Problem definition: Given a text of length n
characters and a list of terms (which may be regular expressions) of length t
, find and count all the occurrences of terms in the text.
Here is a naive implementation for that:
class WordFrequency(TextAnalysis):
"""Determines the frequency of words from a vocabulary in a given text"""
def __init__(self, vocabulary, text):
"""
:param vocabulary: contains the words (e.g. list)

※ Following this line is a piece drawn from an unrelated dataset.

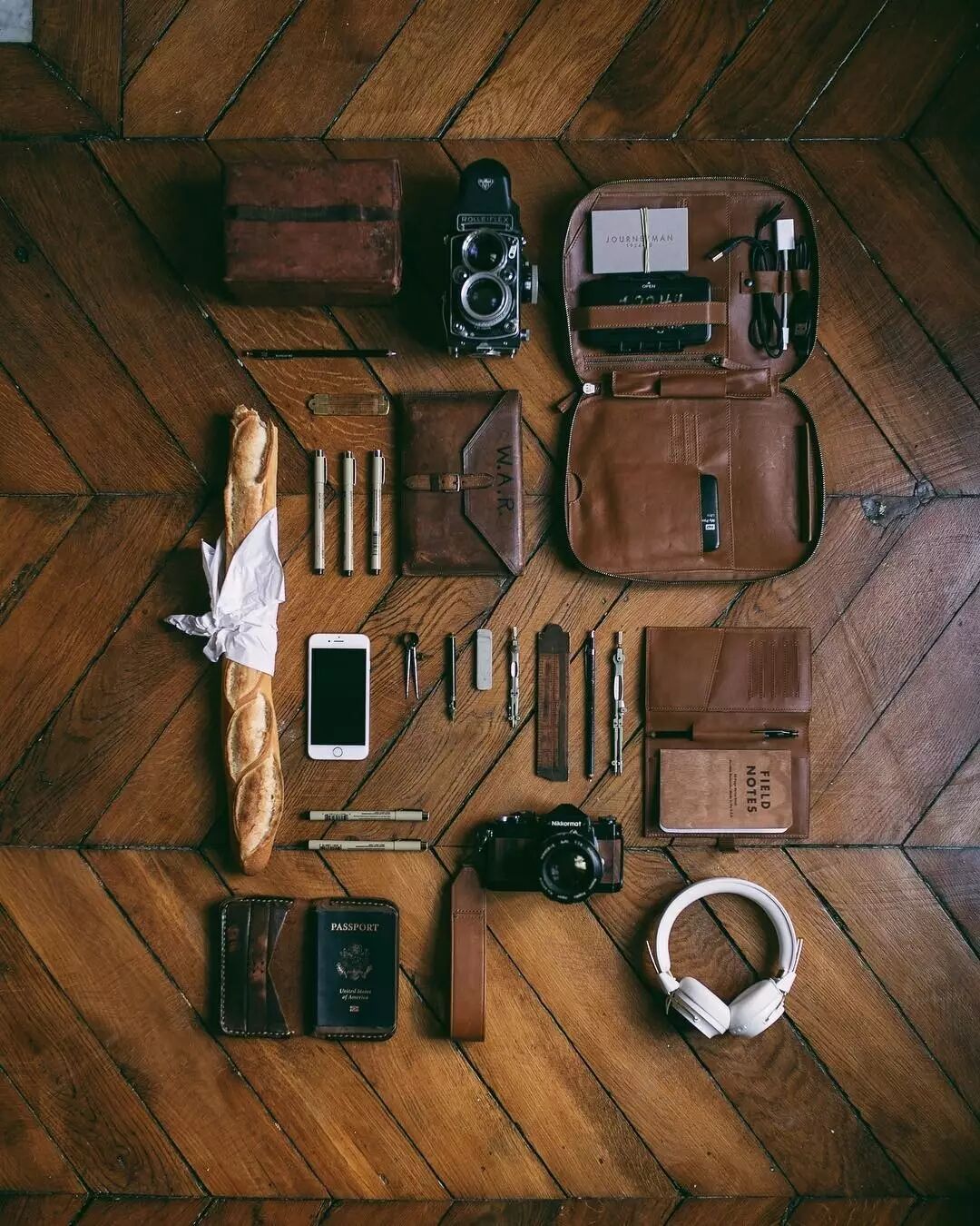 由他精选出的雨衣、风衣、皮夹、相机……

:param text: the analysed text
"""
self.text = text
self.vocabulary = vocabulary
self.matches = {}
def run(self):
"""
:return: self for method chaining
"""
ltext = self.text.lower()
self.freq = {} # word -> absolute frequency
for word in self.vocabulary:
matches = re.findall(r'\b' + word + r'\b', ltext)
self.matches[word] = [match for match in matches] #.lstrip() for match in matches]
self.freq[word] = len(matches)
return self
Now this takes about 6 seconds for a text of length ca. 35000 characters and a list of ca. 5000 terms, which is too slow. It seems that the time complexity of this is O(t * n)
because for each of the t
terms the text has to be scanned once. Is there an obvious performance bug here? What are possible optimizations and/or better algorithms?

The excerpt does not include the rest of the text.